Here I am closing out on my sixth decade. And yet I am tingling with anticipated joy at the thought of dying Easter eggs this Saturday. There is something so satisfying about the transformative process of dipping a white egg into a murky liquid and 5 minutes later pulling out that same egg, now bursting with color. Here’s a book that takes a different look but captures that same sense of possibility.

Egg by Kevin Henckes

Four eggs. One pink, one blue, one yellow, one green. Three of the eggs crack as expected. The fourth just sits. And sits. The newborn chicks from eggs 1-3 lend a little chick help. The fourth egg cracks. And out comes….something very different. The illustrations are infused with the joyful pastels of Easter. The simple text conveys the possibility of magic and miracle.

Pegged for ages Preschool-1st grade. Fun for adults like me!

Alphabet Activism

Today I took a walk over to my local bookstore to see what’s new. The children’s table is loaded with books related to issues in the news: women’s rights and Supreme Court justices. And a catchy little alphabet book that will have kids talking about coop communities and equality for all!

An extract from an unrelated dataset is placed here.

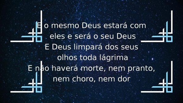 - E o mesmo Deus estará com eles e será o seu DeusE Deus limpará dos seus olhos toda lágrimaE não haverá morte, nem pranto, nem choro, nem dor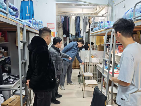 本次排查重点包括消防设备是否齐全完好、疏散通道是否畅通无阻、电力线路是否存在老化破损、宿舍是否存放易燃危险物品等内容。检查过程中,辅导员不仅认真查看公共区域的消防设施配备情况,还深入学生宿舍内部,对可能存在安全隐患的角落进行仔细排查。秦承宽在检查中强调,学生宿舍是人员密集场所,消防安全直接关系到每一位同学的生命财产安全。要以“时时放心不下”的责任感,抓好宿舍消防安全工作。针对发现的问题,学生科科长赵望锋现场提出了整改意见,要求相关宿舍立即整改,并对学生开展安全教育,提醒同学们注意用电安全、及时清理宿舍垃圾、离宿断电,确保消除安全隐患。

A is for Activist by Innosanto Nagara

Alphabet books are great for supplying creative hooks to get your young ones to memorize the alphabet. This one uses the alphabet as a hook to get your kids familiar with an array of social concepts that can promote early understanding of the multi-faceted world we live in. And it provides a foundation for future conversations as your growing kids navigate the increasingly complex interactions with their community.

As the book title tips us off, A is for Activist. And, we learn as we read the first page, it is also for Advocate, Abolitionist, Ally, and Actively Answering A call to Action. From there, the book walks through all 26 letters, illustrating each in exuberant colors. One of my favorites: Y is for You and Yes!

Pegged for ages Preschool-2nd grade. And it might not be a bad refresher for older kids interested in making their mark on the world!

Share your favorite alphabet books!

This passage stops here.